Ago 17, 2017

Enviado por en El debate público | 0 Comentarios

Shepard, una lectura abusiva

Shepard, una lectura abusiva

José Woldenberg

Reforma

17/08/2017

27 de julio murió Sam Shepard. Actor, prolífico autor teatral y de guiones cinematográficos, escribió también cuentos: breves, fríos, oscuros, ambiguos. Ahí está El gran sueño del paraíso (Anagrama, 2004).

Un hombre encuentra a su mujer viendo hipnotizada en la televisión El tercer hombre. Se trata de la última escena protagonizada por Joseph Cotten e Ingrid Bergman. Él comenta: “mira cómo caen esas hojas falsas en primer plano…”. A continuación se siente “estúpido por haber roto el clima emocional de la película”. “Ingrid Bergman sigue andando hacia la cámara con el mismo paso seguro. Tiene un andar genial, lleno de fuerza femenina: alta, erguida e independiente. Joseph Cotten enciende un cigarrillo y espera. Hay algo arrogante en su espera, algo muy masculino. Las hojas siguen cayendo en primer plano… Ella pasa sin variar el paso y desaparece, dejándolo solo con su cigarrillo. La arrogancia de él se esfuma. Mira el camino por el que ella se ha alejado. Hay una sensación reconocible de pérdida y ansia en sus ojos, los ojos de un perro de caza que parece que nunca duerme lo suficiente. De repente estoy dentro de la película sin saber muy bien cómo he sido seducido”. Fue necesario que dejara de pensar en las hojas falsas, las escaleras desde las cuales se lanzan, las máquinas de viento, el controlador de la intensidad y todos aquellos artificios que hacen posible la película, pero que escapan a la mirada de los espectadores. Y qué tan encandilado estaba el personaje o Shepard que confundió a Ingrid Bergman con Aida Valli (“Todos los árboles están desnudos”).

Se trata de dos formas de ver: una, llamémosle analítica, distante, escrutadora del revés de las cosas, y otra succionada por el encanto de la obra. Algo similar sucede con la política: los que en cada declaración descubren la tramoya y a los titiriteros, las costuras de los dichos, y quienes, extasiados, escuchan la neta, la verdad revelada; quienes en cada acción observan una jugarreta, un ajuste de cuentas, propósitos ocultos, y quienes, embriagados, ven promesas que los ilusionan e incluso ensueños realizados. Las dos pueden ser correctas, pero lo cierto es que muchos políticos y militantes tienen una visión “desde dentro”, han sido aspirados por la fuerza gravitacional de la política, mientras no pocos analistas se encuentran (nos encontramos) distantes, fríos, sin comprender del todo “el clima emocional” en el que se desenvuelve esa actividad.

Shepard, en otro cuento, dibuja un personaje que les ha dado la espalda a su mujer e hijos instalándose, enclaustrado, en una habitación para analizar revistas de caballos, ilusionado por comprar una yegua capaz de parir potros ganadores en las carreras. No come, no habla, se encuentra segregado de manera radical.
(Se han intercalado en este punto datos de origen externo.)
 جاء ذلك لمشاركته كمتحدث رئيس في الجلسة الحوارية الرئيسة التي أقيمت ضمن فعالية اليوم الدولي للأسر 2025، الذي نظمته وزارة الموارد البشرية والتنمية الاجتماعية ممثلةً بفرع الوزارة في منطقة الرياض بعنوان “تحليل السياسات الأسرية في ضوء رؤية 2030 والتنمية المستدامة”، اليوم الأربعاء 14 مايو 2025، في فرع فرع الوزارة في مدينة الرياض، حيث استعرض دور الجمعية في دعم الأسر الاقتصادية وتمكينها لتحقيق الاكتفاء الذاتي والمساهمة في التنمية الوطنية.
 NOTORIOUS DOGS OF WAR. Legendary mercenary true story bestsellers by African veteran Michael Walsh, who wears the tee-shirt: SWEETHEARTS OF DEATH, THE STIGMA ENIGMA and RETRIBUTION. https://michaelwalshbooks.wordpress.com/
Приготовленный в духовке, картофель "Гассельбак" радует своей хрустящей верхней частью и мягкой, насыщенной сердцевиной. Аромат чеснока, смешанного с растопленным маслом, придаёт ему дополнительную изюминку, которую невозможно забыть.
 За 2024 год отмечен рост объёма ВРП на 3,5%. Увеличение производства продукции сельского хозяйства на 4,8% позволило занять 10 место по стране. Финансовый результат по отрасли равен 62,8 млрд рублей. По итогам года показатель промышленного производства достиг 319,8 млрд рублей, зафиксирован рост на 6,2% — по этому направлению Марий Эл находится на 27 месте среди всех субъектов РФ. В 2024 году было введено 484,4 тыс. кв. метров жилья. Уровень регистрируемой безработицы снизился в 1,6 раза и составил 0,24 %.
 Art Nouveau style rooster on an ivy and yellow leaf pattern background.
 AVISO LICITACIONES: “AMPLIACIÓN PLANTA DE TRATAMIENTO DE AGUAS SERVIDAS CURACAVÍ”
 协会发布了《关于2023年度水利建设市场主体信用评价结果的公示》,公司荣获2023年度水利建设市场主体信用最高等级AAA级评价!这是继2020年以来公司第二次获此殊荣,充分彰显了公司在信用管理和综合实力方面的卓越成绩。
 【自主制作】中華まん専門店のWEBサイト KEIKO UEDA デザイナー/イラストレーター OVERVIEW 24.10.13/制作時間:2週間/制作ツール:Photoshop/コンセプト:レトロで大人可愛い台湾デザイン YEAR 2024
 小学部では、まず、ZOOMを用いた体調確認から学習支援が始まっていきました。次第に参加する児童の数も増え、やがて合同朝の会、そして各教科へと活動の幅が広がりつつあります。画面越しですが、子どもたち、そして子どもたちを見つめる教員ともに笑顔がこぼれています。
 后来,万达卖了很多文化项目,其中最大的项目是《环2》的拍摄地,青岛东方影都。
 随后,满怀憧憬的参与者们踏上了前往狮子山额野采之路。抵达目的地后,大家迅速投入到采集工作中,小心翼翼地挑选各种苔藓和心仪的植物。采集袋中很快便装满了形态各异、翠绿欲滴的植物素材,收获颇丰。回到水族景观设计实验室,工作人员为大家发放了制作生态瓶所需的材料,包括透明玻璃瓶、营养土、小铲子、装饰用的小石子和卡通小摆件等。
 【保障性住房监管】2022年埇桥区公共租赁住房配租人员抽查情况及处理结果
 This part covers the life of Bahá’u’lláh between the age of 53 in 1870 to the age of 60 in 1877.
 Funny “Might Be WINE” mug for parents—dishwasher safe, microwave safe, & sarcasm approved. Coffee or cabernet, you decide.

Su ensueño enajenado lo hace perder contacto con el mundo y es precisamente su delirio -ganar grandes cantidades de dinero en las carreras- lo que lo separa del resto de los mortales. (“El perseverante”). Hay un imán potente, encantador y excluyente en todas las causas monotemáticas. En política los hombres no suelen aislarse (y si lo hacen salen en automático de ella) sino agruparse. Pero cuando la vida se reduce a la política en su sentido más estrecho, como el hombre encerrado, se tiende no solo a disminuir el campo de visión sino a perder de vista lo amplio y complejo de eso que llamamos vida en sociedad. La política ensimismada, sin puentes con la cultura, las artes, la ciencia, tiende a adelgazarse hasta convertirse en una actividad autorreferente. Todo lo demás pasa a un plano insignificante, ya que solo una cosa importa y a ella se subordina todo lo demás. No es extraño pues el aislamiento -si se quiere relativo- de no pocos de sus practicantes.

Existe otro peligro. En “Un trozo del muro de Berlín”, Shepard exhibe a una niña que afirma que su padre “no sabe nada sobre los (años) ochenta”. Le pregunta, para una tarea escolar, sobre la caída del Muro de Berlín, y “dice que no se acuerda de nada: ni coches, ni peinados, ni ropa, ni música, nada de nada”. Lo único que resuena como un eco es que en esos años conoció a su mujer y nacieron sus hijos. “Cuando le digo -cuenta la niña- que el trabajo no puede ser sobre historias personales me dice que qué más hay en la vida”: solo historias personales… Una autorreclusión en el mundo privado para la cual carece de sentido toda actividad pública.